I cannot remember a single moment of my life in Havana when water has not been a concern. Living in this city includes water anxiety.
By Yoani Sanchez (14ymedio)
HAVANA TIMES — We will have two days without water pumping in Havana. The news, barely announced in the official media, is confirmed by the dry pipes and the silent sinks. In my building, most apartments have storage tanks to get through the times when the lack of electricity prevents pumping from the cistern. But this time it’s different. There is a sense of finality and of living in an extreme period in which we may never again hear the roar of the motor that pumps water up to the rooftop tank.
I cannot remember a single moment of my life in Havana when water has not been a concern. Living in this city includes water anxiety. Like every Cuban, I am obsessed with saving every last drop. Under the kitchen counter I keep all kinds of containers—bottles, buckets, jars, and even a basin that must always be kept full. If I could, I would turn anything into an artificial reservoir for when the pipes break, the aqueduct shuts down, and the lack of fuel paralyzes the pumping motors. Years ago, in our home, we also created a rain-collecting system from the terrace.

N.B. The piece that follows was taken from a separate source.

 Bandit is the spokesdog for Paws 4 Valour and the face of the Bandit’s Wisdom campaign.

“Be like water,” said Bruce Lee, one of my childhood idols. I was about seven or eight years old and would come rushing in after pushing a wheelbarrow with a tank from a corner of Central Havana so I could sit in front of the television and watch that slight man move like a wave—decisive and effective. There he was, quiet and beardless, in a world that for me was full of authoritarian beards and shouted slogans. “Take a bath, Yoani, and don’t throw away the water you use because we need it to flush the toilet,” my grandmother would call from the kitchen. “You already have the bucket and the little pitcher ready,” she would emphasize.
Later I went away to boarding school and took a photo of that martial arts expert with me. With his narrow waist he looked down at me from the locker in the dormitory while we counted the days when water did not arrive and the red dust accumulated under our fingernails and on the sheets. He with his gesture calling me to fluidity, and I stuck in a social experiment where fungi multiplied on my feet and hunger in my stomach. “Take the shape of what surrounds you,” he seemed to suggest through his jet-black hair, which was already fading under the sun that filtered through the blinds.

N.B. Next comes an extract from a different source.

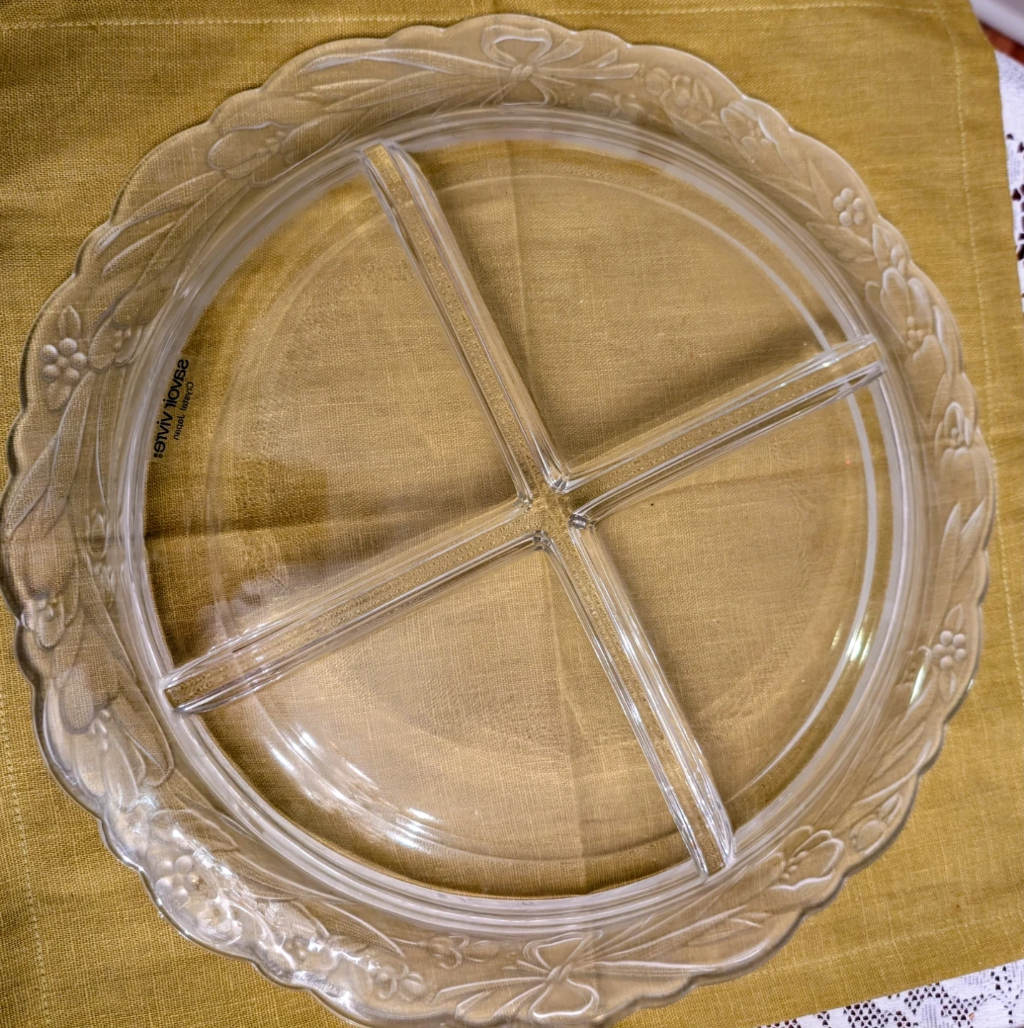 This clear glass serving platter features a decorative floral and ribbon embossed edge. It has four divided sections, perfect for serving appetizers or snacks. It's made of durable glass.

“Be like water,” I told myself when the dormitory bathroom, full of filth, was closed because the precious liquid had not reached that fourth floor for eleven straight days. The day I left, I left Bruce Lee’s poster beside my bunk and walked a long stretch along that road to Alquízar, surrounded by parched fields where the latest delirium of Fidel Castro was trying to materialize—through the Food Plan—the planting of plantains with a microjet system that sucked up the water that should have reached our showers and the sweet potatoes of the local farmers.
This Thursday, March 12, I woke up humming a song. “I’ll tell them I arrived from a strange world,” I said to myself as soon as I put my feet on the floor in the middle of a blackout. The smell of burning garbage has returned after a few days of relief. Last night we heard the echoes of a pot-banging protest in the Lawton area. The wind carried that clatter and also the sound of shouting from a completely dark neighborhood. Noise, like water, has strange ways of spreading. Sometimes it arrives intermittently, and other times it seems the pot that is ringing is only a few meters away, even though someone is striking it in another municipality. During the protests of July 11, 2021 the roars of euphoria kept reaching us even deep into the night.

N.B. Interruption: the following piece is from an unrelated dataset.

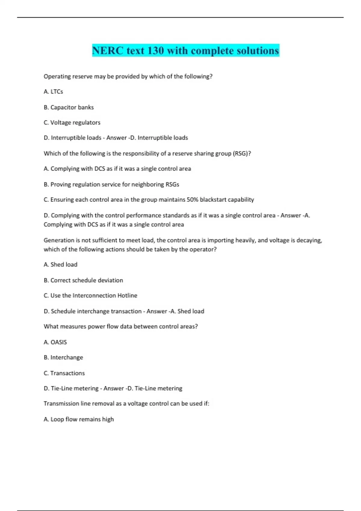 NERC text 130 with complete solutions Operating reserve may be provided by which of the following? A. LTCs B. Capacitor banks C. Voltage regulators D. Interruptible loads - Answer -D. Interruptible loads Which of the following is the responsibility of a reserve sharing group (RSG)? A. Complying with DCS as if it was a single control area B. Proving regulation service for neighboring RSGs C. Ensuring each control area in the group maintains 50% blackstart capability D. Complying with the control performance standards as if it was a single control area - Answer -A. Complying with DCS as if it was a single control area Generation is not sufficient to meet load, the control area is importing heavily, and voltage is decaying, which of the following actions should be taken by the operator? A. Shed load B. Correct schedule deviation C. Use the Interconnection Hotline D. Schedule interchange transaction - Answer -A. Shed load What measures power flow data between control areas? A. OASIS B. Interchange C. Transactions D. Tie-Line metering - Answer -D. Tie-Line metering Transmission line removal as a voltage control can be used if: A. Loop flow remains high

The tank of my building is falling apart. When the cistern on the ground floor is full, it can fill the giant on the roof two and a half times. But the imposing structure, which distinguishes this concrete block from others in the area and gives it a certain air of an airport control tower, is crumbling. It has supplied more than 140 apartments for four decades and, during all that time, it has not received a single repair. Now the steel is exposed on the outside and the ship’s ladder that once led to the top has lost several rungs to rust.
The last person to climb down that structure was my husband, Reinaldo. As he descended, the steps were disintegrating under his feet. Later a brigade came to assess the damage and calculated that repairing the building’s tank would cost, at minimum, more than three million pesos. That was a couple of years ago, so by now it surely costs double… or triple. In the meantime, fragments have continued to fall. A multifamily apartment building has large communal areas that the Cuban state long ago stopped taking responsibility for and that residents cannot afford to maintain. The hydraulic system is one of the most affected in these buildings that copied Eastern European architecture in this tropical Havana.
My neighbor says there’s little time left, that perhaps two weeks remain before the whole regime collapses and things “start getting fixed.” I am not as optimistic as she is. Sometimes I have the nightmare that the rooftop tank splits open like a pumpkin and I fail to warn the people walking on the sidewalk below in time. Other times I dream that I search and cannot find any more bottles, basins, or buckets to fill. An unexpected hole empties all my reserves, and I can only manage to save what fits in the cup of my hands.
“Be like water,” Bruce Lee repeats to me from somewhere deep in my memory. But how can one take shape and adapt to a world as strange as the one we inhabit? How can one endure in this city if the pipes are dry and the purr of the pump that fills the deteriorating colossus above our heads can no longer be heard?